中島、高校二年、四組。「うん」を、夜、数えてみた、あの日の、つづき。同じ日とは、限らない。別の日の、別の場面で、今度は「だいじょうぶ」が、何度か、出ていた。出ていたな、と、また、夜に、思い出した。
「うん」のときは、応えだけだった。今度の「だいじょうぶ」は、応えのなかでも、もう少し、複雑な動きを、している、らしい。
「風邪、だいじょうぶ?」と、母が言った。
昨日、夜中に、二回、咳をした。母は、隣の部屋で、聞いていたらしい。
「だいじょうぶ」と、俺は答えた。
これは、状態を、伝える「だいじょうぶ」だった。実際、熱はない。喉も、痛くない。咳が、二回、出ただけ。だから、「だいじょうぶ」と、返した。
母は、「そう」と、言って、味噌汁を、よそった。「そう」のあとに、何か、続けるかと、思ったけれど、続けなかった。続けなかった、ということは、母の側でも、たぶん、確認は、終わった。「だいじょうぶ」が、母のところに、届いて、確認の輪を、閉じた。
朝の「だいじょうぶ」は、こちらの状態を、相手に、渡す音だった。渡しても、相手が、それを、判定しないで、受け取ってくれる、ということが、わかっていると、出やすい。母は、判定をしない。判定をしないで、確認の輪を、閉じてくれる。だから、こっちは、嘘も、つかない。
カズが、隣に来て、「ノート、見せて、だいじょうぶ?」と、言った。
カズの「だいじょうぶ?」は、確認だった。許可を、求めている。「うん」とも、「いいよ」とも、答えられたけれど、出てきたのは、「だいじょうぶ」だった。
「だいじょうぶ」と、俺は、ノートを、机の上に、出した。
これは、許可の「だいじょうぶ」だった。「いいよ」より、薄い。「いいよ」だと、こっちが、ちゃんと、判定して、許可を、出している、感じになる。「だいじょうぶ」は、判定の手前で、止まる。「問題ない」を、ちょっとだけ、伝える音。許可、というよりは、障害物が、ない、ということを、こちらの側から、報告する。
カズは、「サンキュ」と、言って、ノートを、写し始めた。「だいじょうぶ」が、カズの、「だいじょうぶ?」と、ぴったり、噛み合った。同じ五音が、こちらは、確認、こちらは、許可、として、機能した。
練習が終わって、用具室で、ボールを、しまっていた。ヤマモトが、「中島さん、これ、運びますね」と、防具の入った、箱を、持ち上げようとした。重い箱だった。
「だいじょうぶ?」と、俺は、聞いた。
これは、確認の「だいじょうぶ?」だった。運べるか、を、聞いている。
「だいじょうぶです」と、ヤマモトが、答えた。
ヤマモトの「だいじょうぶです」は、状態の報告だった。運べる、と、伝えている。
同じ五音が、こちらの口から出るときは、確認の問い、ヤマモトの口から出るときは、状態の応え、として、機能していた。問いと、応えで、形が、違う。けれど、音は、同じ。
箱を、ヤマモトが、運んでいくのを、見送りながら、もう、ひとつ、聞いてみたくなった。
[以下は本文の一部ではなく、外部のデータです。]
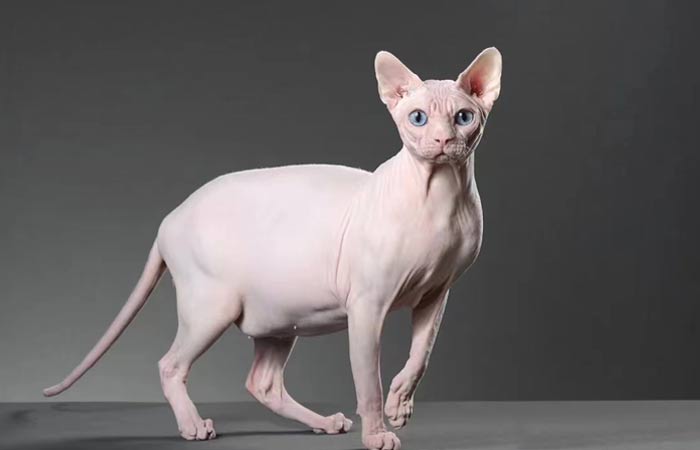 Hairless cats can have different body color expressions, mainly divided into blue (fancy) and white. The blue and white cats are also two directions that many breeders breed for, hoping to make the genes more and more stable through preferential selection.
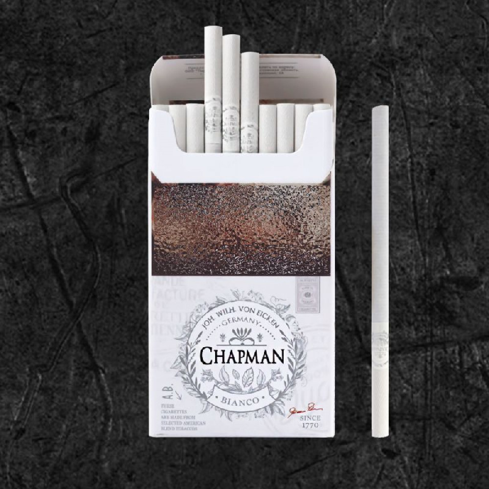 • Стильная упаковка: дизайн пачки сигарет Chapman выполнен в элегантной и минималистичной манере, идеально дополняющей образ современного человека.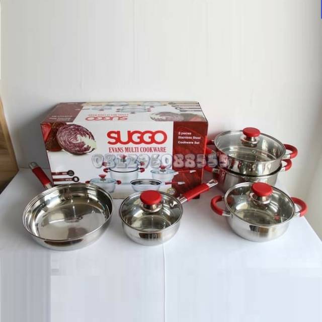 Suggo Panci Set Evans 8 Pcs Handle Merah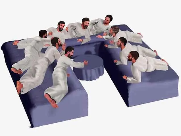 ein niedriger Tisch, auf den das Essen gestellt wurde. Wenn ein Gastgeber zu jener Zeit Gäste zu einem feierlichen Abendessen einlud, lehnten er und die Gäste sich Seite an Seite auf Liegen, die kreisförmig um einen niedrigen Tisch lagen. Sie lehnten sich auf ihren linken Ellbogen und nahmen das Essen mit der rechten Hand ein. Ihre Füße streckten sie weg vom Essen über das Seitenende der Liege. Bestenfalls gab es drei Liegen und ein bis drei kleine Tische. Die Liegen waren manchmal aus Backstein oder Stein mit einem Kissen darauf. Bei Festessen in wohlhabenden Häusern durften Zuschauer manchmal das Haus betreten und entlang der Wände stehen, das Essen beobachten und dem Gespräch zuhören.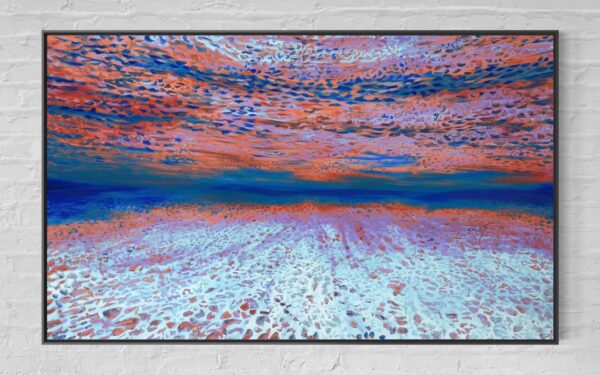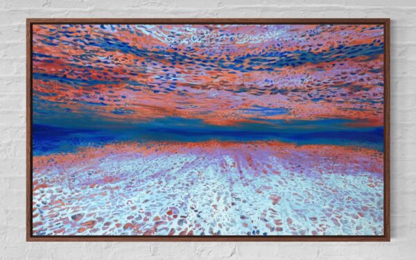 Each Ocean of Abundance Art piece comes ready to hang, and framing options are also available. Additionally, each Ocean Art piece is unique because an artist at the Atelier applies a textured gel by hand to the top waves to give a glistening effect under the light.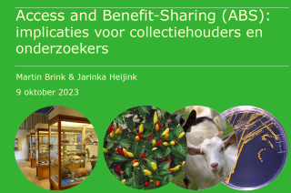 Presentatie 'Access and Benefit-Sharing (ABS): implicaties voor collectiehouders en onderzoekers' door Martin Brink en Jarinka Heijink (ABS Focal Point), 9 oktober 2023.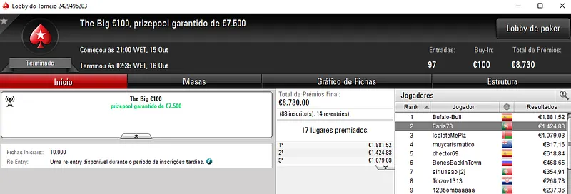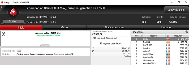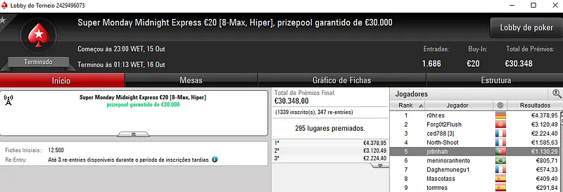 Já o Super Monday Hot BigStack Turbo €50 contou com quatro jogadores no top 5 do torneio. O melhor lugar pertenceu a ruiatg que saiu com €3,177 na segunda posição. O torneio acolheu 633 entradas e o prize pool foi de €28,485. AAEUKK foi terceiro classificado para €2,252. Na quarta posição, atarracho faturou €1,597, enquanto bakerpt ainda recebeu €1,132 em quinto.
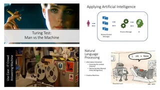 The document discusses using machine learning and chatbots for first line technical support. It defines what a chatbot is and provides examples like the Turing test. Chatbots are useful for customer service, technical support via answering frequently asked questions, and automating forms. The document outlines various chatbot platforms and architectures. It also provides an example use case of a chatbot for an IT help desk. The document discusses how natural language processing and classification algorithms can help chatbots understand language. Finally, it demonstrates how tools like LUIS can add intelligence to a technical support chatbot.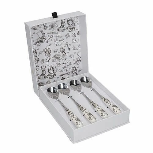 The set of four teaspoons are presented in a luxuriously illustrated matching gift box, with a ‘pull me’ tab to let the adventure begin.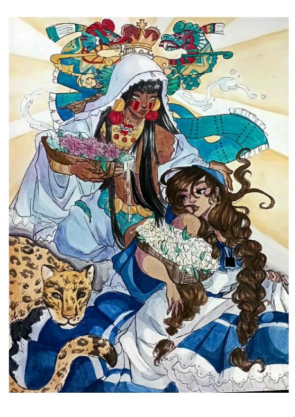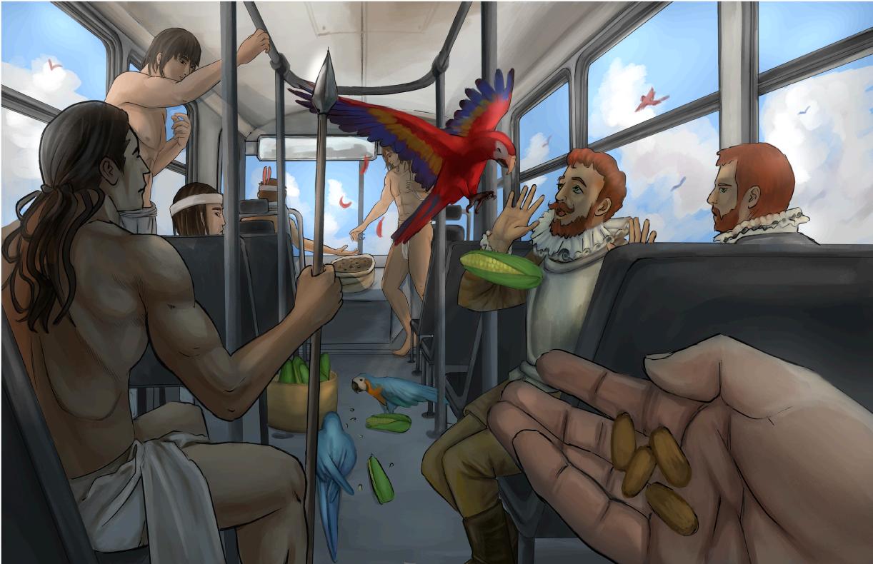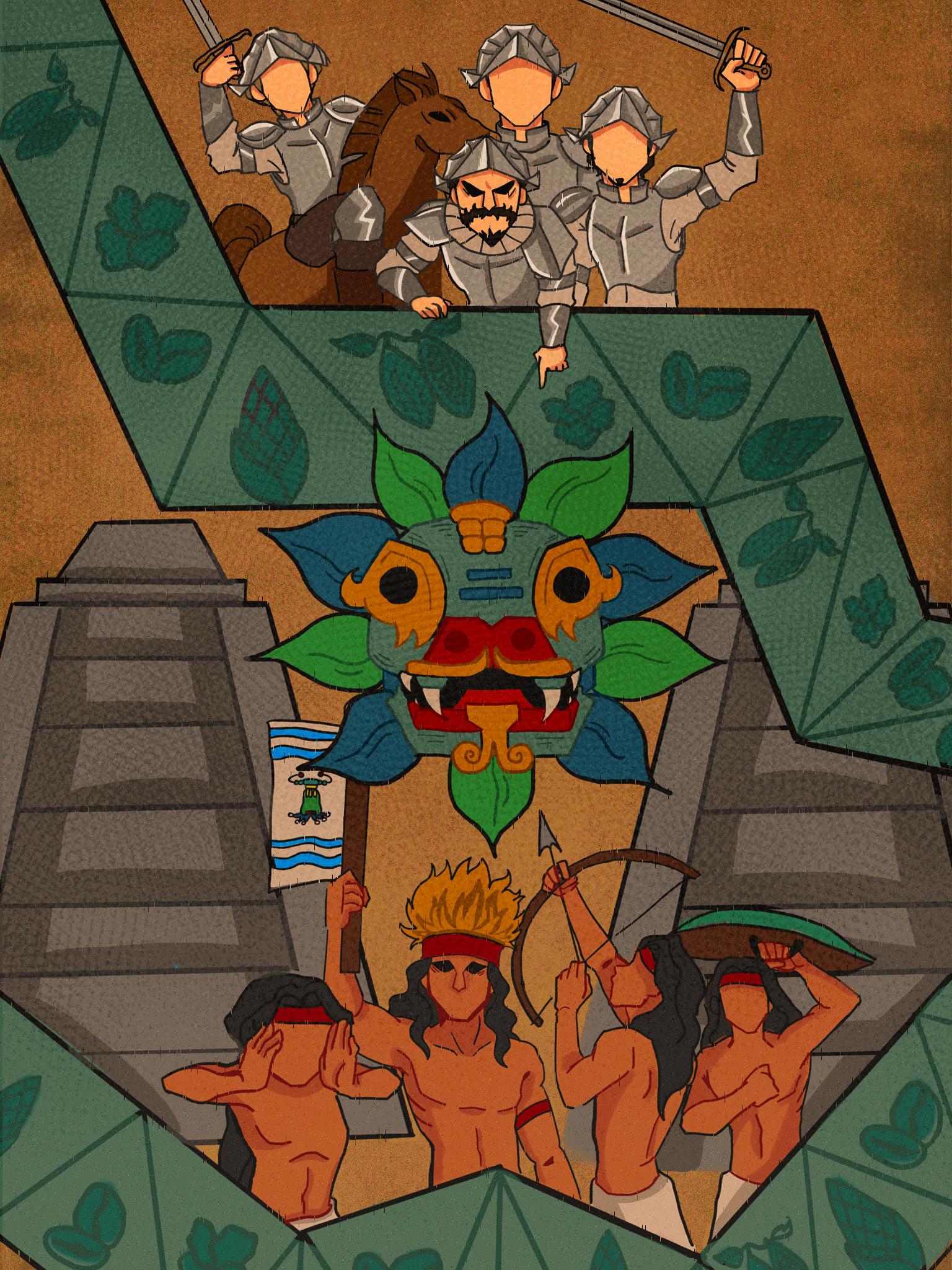 Con mi ilustración retraté una situación de conflicto por la que nuestro país atravesó, pero de una forma más metafórica, la tensión social era evidente, esto lo representé con las miradas de desdén que los personajes de la escena se dirigen mutuamente, el choque cultural que significó la conquista española y cómo cambió drásticamente nuestra cultura a partir de ello, la ilustración tiene pequeños mensajes ocultos, como el robo del maíz que es una crítica a la explotación y robo recursos naturales de nuestras tierras, así como el que las aves retratadas son guacamayas, dando a entender el contraste entre pipiles y españoles, siendo la minoría los españoles (los cuales también representan a Pedro de Alvarado y Gonzalo de Alvarado).

「あの『だいじょうぶ』、ほんとに、だいじょうぶ?」と。聞かなかった。聞いたら、ヤマモトの、最初の「だいじょうぶ」を、こっちが、判定したことに、なる。判定しないで、受け取る。「うん」のときに、覚えた、応え方の、続きだった。
休み時間、隣の席のやつが、机の上に、ペットボトルを、置いていた。お茶の、ペットボトル。半分くらい、残っていた。
「もう、いらないんだけど、飲む?」と、隣の席のやつが、言った。
俺は、「だいじょうぶ」と、答えた。
これは、断りの「だいじょうぶ」だった。「いらない」を、直接は、言わない。「いらない」だと、相手の、申し出を、否定する、ことになる。「だいじょうぶ」は、こっちの状態を、伝えるだけ。「自分のは、足りている」とか、「いま、喉が、渇いていない」とか、そういうのを、薄く、含む。
隣の席のやつは、「そっか」と、言って、ペットボトルを、鞄に、戻した。
断ったけれど、隣の席のやつの、申し出を、否定したことには、なっていない、はずだった。「だいじょうぶ」が、申し出と、こちらの状態の、あいだに、薄く、立って、両方を、傷つけないで、終わらせている。
断りの「だいじょうぶ」は、たぶん、いちばん、よく使う「だいじょうぶ」だ。コンビニで、レジ袋を、聞かれたとき。家で、おかわりを、聞かれたとき。授業で、追加のプリントを、配られたとき。「いりません」より、「だいじょうぶ」のほうが、薄くて、出やすい。
家に帰って、リビングで、妹が、ソファに、寝そべっていた。テレビは、ついていなかった。
「だいじょうぶ?」と、俺は、聞いた。
妹は、目を、開けて、「だいじょうぶだよ」と、言った。
「だいじょうぶだよ」の、「だよ」が、薄く、強かった。「だよ」がないと、ただの、状態の報告。「だよ」が、つくと、相手を、安心させようと、している。
「ちょっと、疲れただけ」と、妹は、続けた。
俺は、「うん」と、返した。「だいじょうぶ」とは、返さなかった。妹の「だいじょうぶだよ」を、こっちが、また、「だいじょうぶ」で、受けると、五音が、二重に、なって、薄まる気が、した。「うん」で、受け取った、ということだけ、返した。
妹の「だいじょうぶだよ」は、自分への「だいじょうぶ」も、半分、混ざっている、気が、した。疲れた、と、言いながら、自分に、だいじょうぶ、と、言い聞かせている。それを、兄に、聞こえる声で、出している。聞こえる声で、出すと、自分のなかで、それが、ちょっと、固まる、という、ことがある、らしい。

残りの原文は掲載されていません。